### What the task asks
In the data that follows, find the line with "Slovensky: pestrica ríbezľová"; transcribe it, every later line up to the one with "Luční ručně vyrobený", and that line as well, exactly and with no others.

### Input
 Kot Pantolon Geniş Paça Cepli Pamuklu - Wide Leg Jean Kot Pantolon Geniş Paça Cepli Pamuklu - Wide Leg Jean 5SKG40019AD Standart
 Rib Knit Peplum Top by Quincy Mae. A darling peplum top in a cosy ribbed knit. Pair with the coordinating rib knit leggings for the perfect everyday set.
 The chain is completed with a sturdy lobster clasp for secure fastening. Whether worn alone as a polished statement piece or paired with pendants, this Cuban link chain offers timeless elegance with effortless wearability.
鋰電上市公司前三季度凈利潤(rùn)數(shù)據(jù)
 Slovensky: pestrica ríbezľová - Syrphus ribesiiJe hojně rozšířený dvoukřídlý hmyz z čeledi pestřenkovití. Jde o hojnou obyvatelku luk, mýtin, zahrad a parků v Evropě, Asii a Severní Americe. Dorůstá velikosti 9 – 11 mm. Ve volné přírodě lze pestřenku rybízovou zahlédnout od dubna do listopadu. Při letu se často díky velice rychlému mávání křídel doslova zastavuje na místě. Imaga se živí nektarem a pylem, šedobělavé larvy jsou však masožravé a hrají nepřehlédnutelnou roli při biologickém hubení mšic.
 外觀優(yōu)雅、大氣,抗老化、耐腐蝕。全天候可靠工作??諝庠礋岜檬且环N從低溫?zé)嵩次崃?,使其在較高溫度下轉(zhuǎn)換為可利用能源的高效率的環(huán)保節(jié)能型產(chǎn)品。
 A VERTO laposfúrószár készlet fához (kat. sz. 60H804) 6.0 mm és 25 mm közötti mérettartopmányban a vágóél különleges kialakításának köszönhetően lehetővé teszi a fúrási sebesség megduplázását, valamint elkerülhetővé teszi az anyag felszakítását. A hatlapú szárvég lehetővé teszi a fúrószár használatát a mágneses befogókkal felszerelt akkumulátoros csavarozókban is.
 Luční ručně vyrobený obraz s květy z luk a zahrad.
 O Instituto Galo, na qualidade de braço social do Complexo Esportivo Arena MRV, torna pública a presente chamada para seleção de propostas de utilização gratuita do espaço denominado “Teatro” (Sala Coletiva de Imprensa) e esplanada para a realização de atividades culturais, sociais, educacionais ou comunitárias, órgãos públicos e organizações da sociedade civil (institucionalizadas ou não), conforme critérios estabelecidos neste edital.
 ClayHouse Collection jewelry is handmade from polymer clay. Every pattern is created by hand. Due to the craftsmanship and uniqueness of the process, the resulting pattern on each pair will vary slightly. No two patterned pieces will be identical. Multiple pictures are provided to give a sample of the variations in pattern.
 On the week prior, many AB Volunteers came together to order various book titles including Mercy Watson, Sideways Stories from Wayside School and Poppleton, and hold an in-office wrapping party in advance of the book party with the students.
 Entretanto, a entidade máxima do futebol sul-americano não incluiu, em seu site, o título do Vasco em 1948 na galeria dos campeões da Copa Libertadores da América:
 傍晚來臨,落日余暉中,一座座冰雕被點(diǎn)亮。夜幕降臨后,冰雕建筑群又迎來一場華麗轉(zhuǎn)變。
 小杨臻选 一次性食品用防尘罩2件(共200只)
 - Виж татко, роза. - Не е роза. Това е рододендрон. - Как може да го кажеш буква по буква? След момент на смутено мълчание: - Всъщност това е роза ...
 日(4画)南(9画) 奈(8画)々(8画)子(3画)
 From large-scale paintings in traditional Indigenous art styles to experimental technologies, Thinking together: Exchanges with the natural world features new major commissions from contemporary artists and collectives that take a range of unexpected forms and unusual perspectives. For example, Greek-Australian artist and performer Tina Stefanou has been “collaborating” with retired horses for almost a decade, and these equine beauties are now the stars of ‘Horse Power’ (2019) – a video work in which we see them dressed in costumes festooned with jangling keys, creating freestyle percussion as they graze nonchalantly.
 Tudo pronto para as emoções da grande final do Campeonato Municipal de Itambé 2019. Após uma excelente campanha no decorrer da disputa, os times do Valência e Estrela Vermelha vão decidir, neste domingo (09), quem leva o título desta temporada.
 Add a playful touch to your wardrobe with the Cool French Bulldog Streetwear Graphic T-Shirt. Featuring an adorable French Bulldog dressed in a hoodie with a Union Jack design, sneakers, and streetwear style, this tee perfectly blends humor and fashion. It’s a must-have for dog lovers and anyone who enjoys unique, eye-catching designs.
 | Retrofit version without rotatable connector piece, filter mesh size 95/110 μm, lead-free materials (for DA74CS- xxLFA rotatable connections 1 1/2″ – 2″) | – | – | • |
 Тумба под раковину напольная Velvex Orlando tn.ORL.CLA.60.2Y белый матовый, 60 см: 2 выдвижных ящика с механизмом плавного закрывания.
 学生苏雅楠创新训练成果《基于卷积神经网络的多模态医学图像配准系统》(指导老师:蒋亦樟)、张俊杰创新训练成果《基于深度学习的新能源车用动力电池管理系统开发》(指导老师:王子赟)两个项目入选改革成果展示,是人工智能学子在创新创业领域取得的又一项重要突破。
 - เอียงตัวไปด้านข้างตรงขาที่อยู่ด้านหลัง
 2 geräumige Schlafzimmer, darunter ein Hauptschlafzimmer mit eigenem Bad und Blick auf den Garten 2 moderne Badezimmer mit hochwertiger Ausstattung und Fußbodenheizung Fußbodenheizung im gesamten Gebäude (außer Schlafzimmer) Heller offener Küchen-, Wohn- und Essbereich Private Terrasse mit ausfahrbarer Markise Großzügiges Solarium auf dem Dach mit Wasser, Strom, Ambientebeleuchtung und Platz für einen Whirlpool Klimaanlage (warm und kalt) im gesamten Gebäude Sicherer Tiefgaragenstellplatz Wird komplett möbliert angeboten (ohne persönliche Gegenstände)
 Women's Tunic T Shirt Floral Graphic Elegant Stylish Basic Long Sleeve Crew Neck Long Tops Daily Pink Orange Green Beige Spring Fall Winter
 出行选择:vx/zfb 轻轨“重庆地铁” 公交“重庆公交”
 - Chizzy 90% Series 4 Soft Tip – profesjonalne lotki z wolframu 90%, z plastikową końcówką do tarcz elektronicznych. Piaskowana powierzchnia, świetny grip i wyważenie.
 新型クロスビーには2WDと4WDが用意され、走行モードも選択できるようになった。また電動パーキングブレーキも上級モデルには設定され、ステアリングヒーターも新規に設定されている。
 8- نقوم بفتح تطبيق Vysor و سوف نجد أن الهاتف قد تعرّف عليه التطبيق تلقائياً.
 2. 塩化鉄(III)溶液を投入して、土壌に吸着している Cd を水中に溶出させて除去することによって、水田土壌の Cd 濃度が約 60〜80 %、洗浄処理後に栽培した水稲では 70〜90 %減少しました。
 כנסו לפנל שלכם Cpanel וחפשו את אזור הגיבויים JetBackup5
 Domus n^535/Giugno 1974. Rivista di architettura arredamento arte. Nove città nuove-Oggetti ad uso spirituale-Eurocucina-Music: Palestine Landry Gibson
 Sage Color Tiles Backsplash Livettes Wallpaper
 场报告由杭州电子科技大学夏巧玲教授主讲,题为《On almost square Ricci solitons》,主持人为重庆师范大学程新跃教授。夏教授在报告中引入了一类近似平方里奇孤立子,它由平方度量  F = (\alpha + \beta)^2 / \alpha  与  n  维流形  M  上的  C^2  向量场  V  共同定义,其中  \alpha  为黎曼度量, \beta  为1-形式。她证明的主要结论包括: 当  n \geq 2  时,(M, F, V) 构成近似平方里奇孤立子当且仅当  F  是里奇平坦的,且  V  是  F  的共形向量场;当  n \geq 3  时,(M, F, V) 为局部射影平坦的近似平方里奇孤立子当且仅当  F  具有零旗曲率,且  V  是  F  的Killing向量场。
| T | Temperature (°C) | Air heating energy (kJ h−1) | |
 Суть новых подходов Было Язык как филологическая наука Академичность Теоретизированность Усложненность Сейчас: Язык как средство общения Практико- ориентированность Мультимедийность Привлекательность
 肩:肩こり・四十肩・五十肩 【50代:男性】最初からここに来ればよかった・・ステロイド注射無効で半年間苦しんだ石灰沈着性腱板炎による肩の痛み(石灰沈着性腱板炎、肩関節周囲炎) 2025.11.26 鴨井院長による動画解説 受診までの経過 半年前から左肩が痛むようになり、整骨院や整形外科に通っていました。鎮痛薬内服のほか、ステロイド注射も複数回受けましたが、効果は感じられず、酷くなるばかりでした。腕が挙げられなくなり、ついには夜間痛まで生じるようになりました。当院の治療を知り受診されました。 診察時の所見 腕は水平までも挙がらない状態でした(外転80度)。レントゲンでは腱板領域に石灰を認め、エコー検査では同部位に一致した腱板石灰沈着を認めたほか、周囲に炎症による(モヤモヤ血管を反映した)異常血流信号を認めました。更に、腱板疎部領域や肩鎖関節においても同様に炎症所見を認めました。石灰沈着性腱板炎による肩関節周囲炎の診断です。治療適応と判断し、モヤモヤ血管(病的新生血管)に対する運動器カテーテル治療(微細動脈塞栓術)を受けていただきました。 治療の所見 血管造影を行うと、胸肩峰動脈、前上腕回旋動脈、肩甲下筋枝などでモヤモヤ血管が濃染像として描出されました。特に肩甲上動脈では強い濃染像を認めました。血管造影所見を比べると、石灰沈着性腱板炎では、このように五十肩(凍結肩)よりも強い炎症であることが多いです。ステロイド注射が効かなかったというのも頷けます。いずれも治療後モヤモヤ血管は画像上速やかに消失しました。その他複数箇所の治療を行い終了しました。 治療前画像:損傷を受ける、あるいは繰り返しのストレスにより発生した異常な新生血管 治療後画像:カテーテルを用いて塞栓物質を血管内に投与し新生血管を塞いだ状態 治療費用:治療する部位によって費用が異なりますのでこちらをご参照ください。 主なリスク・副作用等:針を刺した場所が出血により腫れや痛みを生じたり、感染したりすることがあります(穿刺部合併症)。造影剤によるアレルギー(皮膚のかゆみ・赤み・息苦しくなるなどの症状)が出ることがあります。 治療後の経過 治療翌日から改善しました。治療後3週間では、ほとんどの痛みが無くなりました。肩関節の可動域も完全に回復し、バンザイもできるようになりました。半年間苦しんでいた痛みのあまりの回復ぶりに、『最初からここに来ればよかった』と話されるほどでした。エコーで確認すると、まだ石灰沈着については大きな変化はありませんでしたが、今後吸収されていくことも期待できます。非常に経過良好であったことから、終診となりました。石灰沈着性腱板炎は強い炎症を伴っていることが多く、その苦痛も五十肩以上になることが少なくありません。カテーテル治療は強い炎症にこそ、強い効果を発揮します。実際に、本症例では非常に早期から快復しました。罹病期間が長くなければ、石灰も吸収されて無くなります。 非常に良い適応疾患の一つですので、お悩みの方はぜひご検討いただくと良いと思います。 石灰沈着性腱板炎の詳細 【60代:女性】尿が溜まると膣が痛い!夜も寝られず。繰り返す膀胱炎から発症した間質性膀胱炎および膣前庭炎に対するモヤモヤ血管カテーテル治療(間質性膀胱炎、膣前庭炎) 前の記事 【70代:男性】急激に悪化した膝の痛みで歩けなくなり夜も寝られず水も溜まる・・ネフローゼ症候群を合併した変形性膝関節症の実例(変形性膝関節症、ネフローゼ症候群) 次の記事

### Worked solution
 Slovensky: pestrica ríbezľová - Syrphus ribesiiJe hojně rozšířený dvoukřídlý hmyz z čeledi pestřenkovití. Jde o hojnou obyvatelku luk, mýtin, zahrad a parků v Evropě, Asii a Severní Americe. Dorůstá velikosti 9 – 11 mm. Ve volné přírodě lze pestřenku rybízovou zahlédnout od dubna do listopadu. Při letu se často díky velice rychlému mávání křídel doslova zastavuje na místě. Imaga se živí nektarem a pylem, šedobělavé larvy jsou však masožravé a hrají nepřehlédnutelnou roli při biologickém hubení mšic.
 外觀優(yōu)雅、大氣,抗老化、耐腐蝕。全天候可靠工作??諝庠礋岜檬且环N從低溫?zé)嵩次崃?,使其在較高溫度下轉(zhuǎn)換為可利用能源的高效率的環(huán)保節(jié)能型產(chǎn)品。
 A VERTO laposfúrószár készlet fához (kat. sz. 60H804) 6.0 mm és 25 mm közötti mérettartopmányban a vágóél különleges kialakításának köszönhetően lehetővé teszi a fúrási sebesség megduplázását, valamint elkerülhetővé teszi az anyag felszakítását. A hatlapú szárvég lehetővé teszi a fúrószár használatát a mágneses befogókkal felszerelt akkumulátoros csavarozókban is.
 Luční ručně vyrobený obraz s květy z luk a zahrad.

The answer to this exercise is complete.